この研究では、MRI検査によって蹄部での深屈腱炎が診断された46頭の患馬のうち、掌側指神経麻酔(Palmar digital nerve block)に陽性(=麻酔後に跛行改善が見られた)であった馬は24%に過ぎなかったのに対して、蹄関節麻酔(Coffin joint block)に陽性であった馬の割合は、深屈腱の病変のみを呈した症例では68%、深屈腱と舟状骨の病変を呈した症例では92%に上っていました。また、深屈腱の病変のみを呈した症例では、舟嚢麻酔(Navicular bursa)に陽性であった馬も67%に上っていました。このため、掌側指神経麻酔に陰性で遠軸神経麻酔(Abaxial nerve block)に陽性であった場合にも、蹄部での深屈腱炎を除外診断(Rule-out)するのは適当でないという警鐘が鳴らされており、蹄関節麻酔や舟嚢麻酔によって、より詳細な疼痛の限局化に努めることで、蹄部での深屈腱炎を疑われる馬を発見できるケースが多いことが示唆されました。
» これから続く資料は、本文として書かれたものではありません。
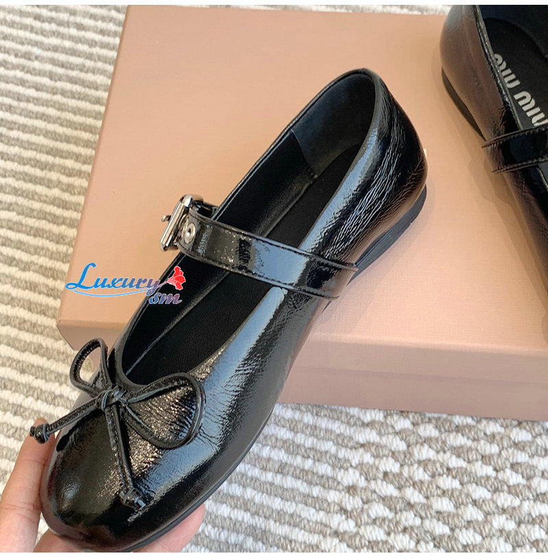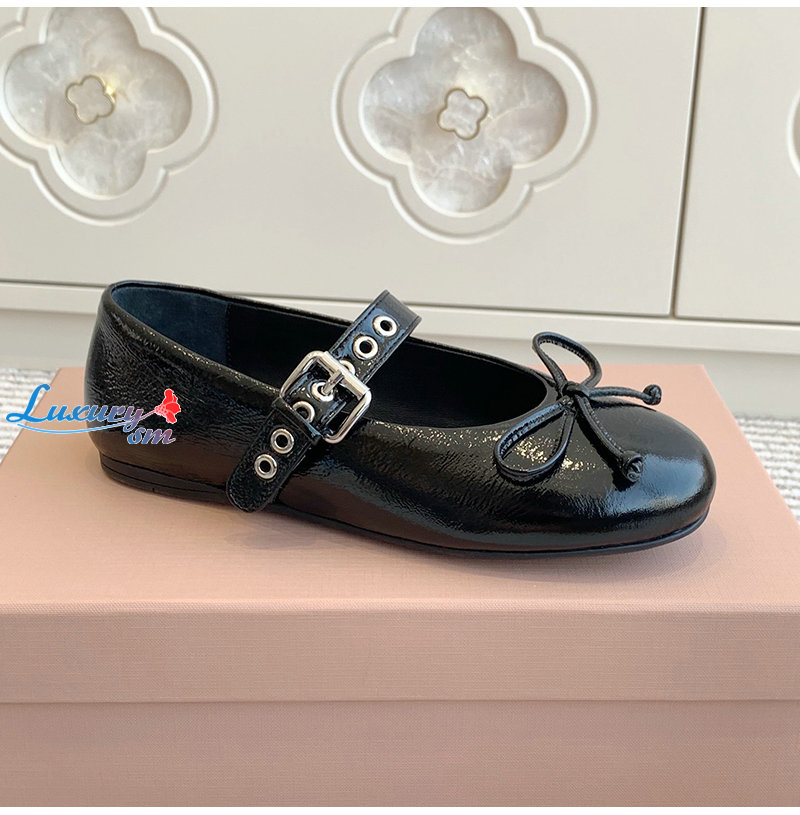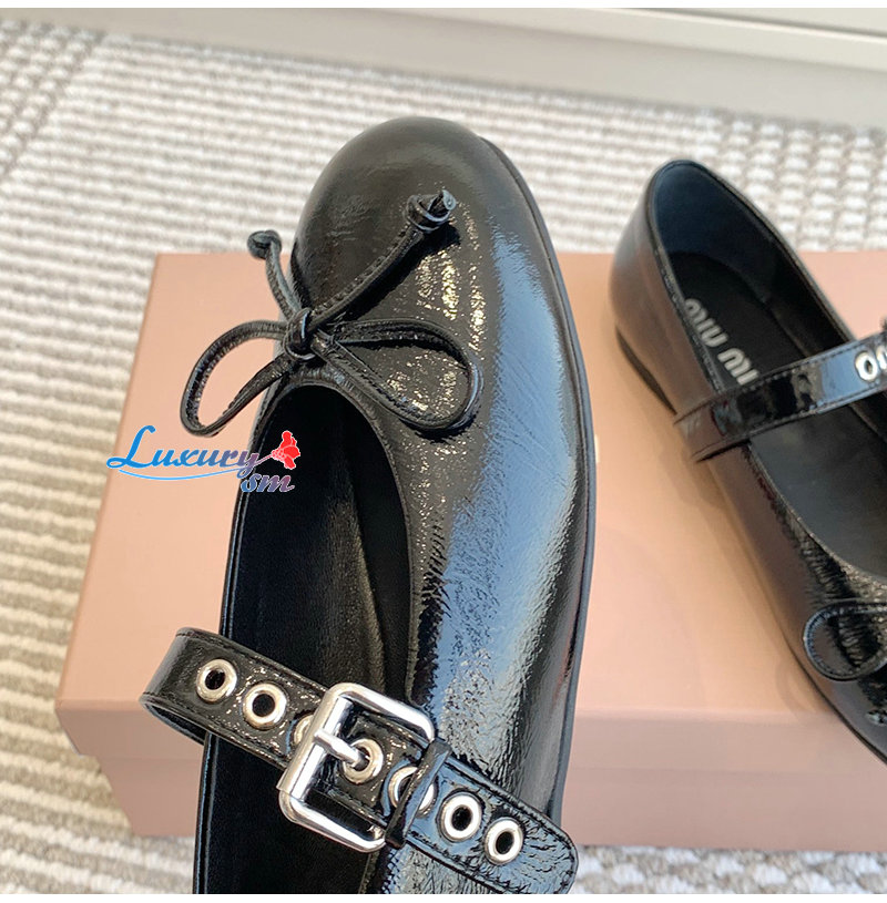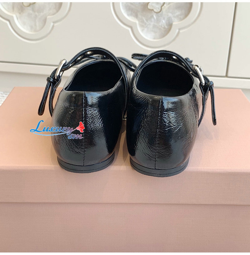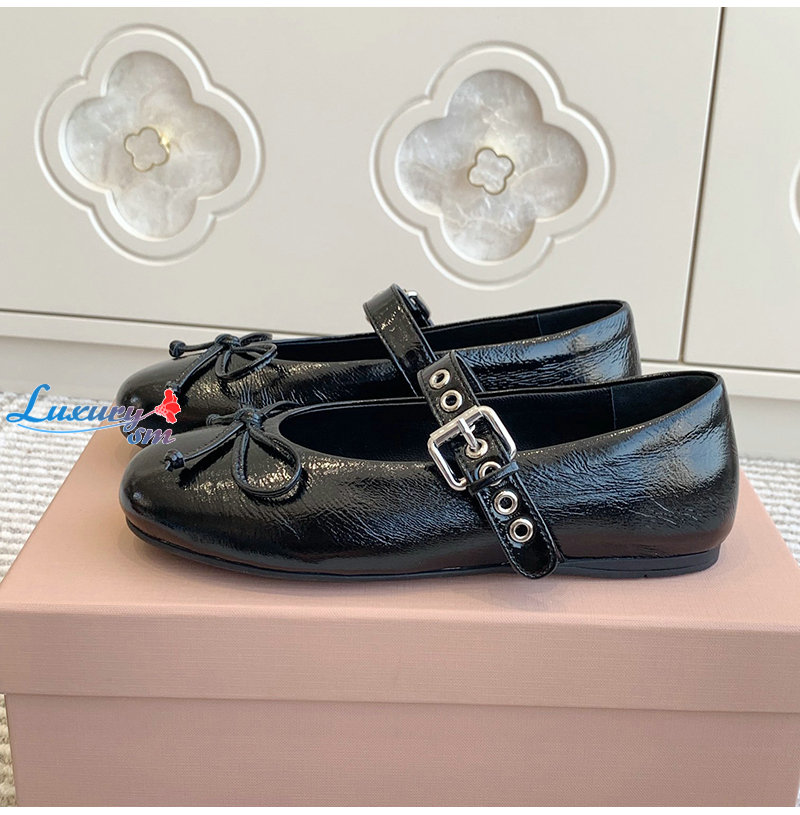 MIUMIU-5F210E 미우미우 블랙 유광 가죽 발레리나 슈즈

この研究では、MRI検査によって蹄部での深屈腱炎が診断された46頭の患馬のうち、核医学検査(Nuclear scintigraphy)によって、深屈腱の病態を示唆する異常所見が見られた馬は、41%に過ぎませんでした。また、深屈腱の病変が冠関節(Pastern joint: Proximal inter-phalangeal joint)よりも上方まで達していたのは九頭でしたが、このうち超音波検査(Ultrasonography)において病変が確認できたのは二頭のみでした。このため、レントゲン検査では見つからずMRI検査で発見された蹄部深屈腱の病変は、核医学検査では半数以上、超音波検査でもその殆どが見落とされることが示唆され、蹄部での深屈腱炎におけるMRI検査の感度の高さを再確認させるデータが示されたと言えます。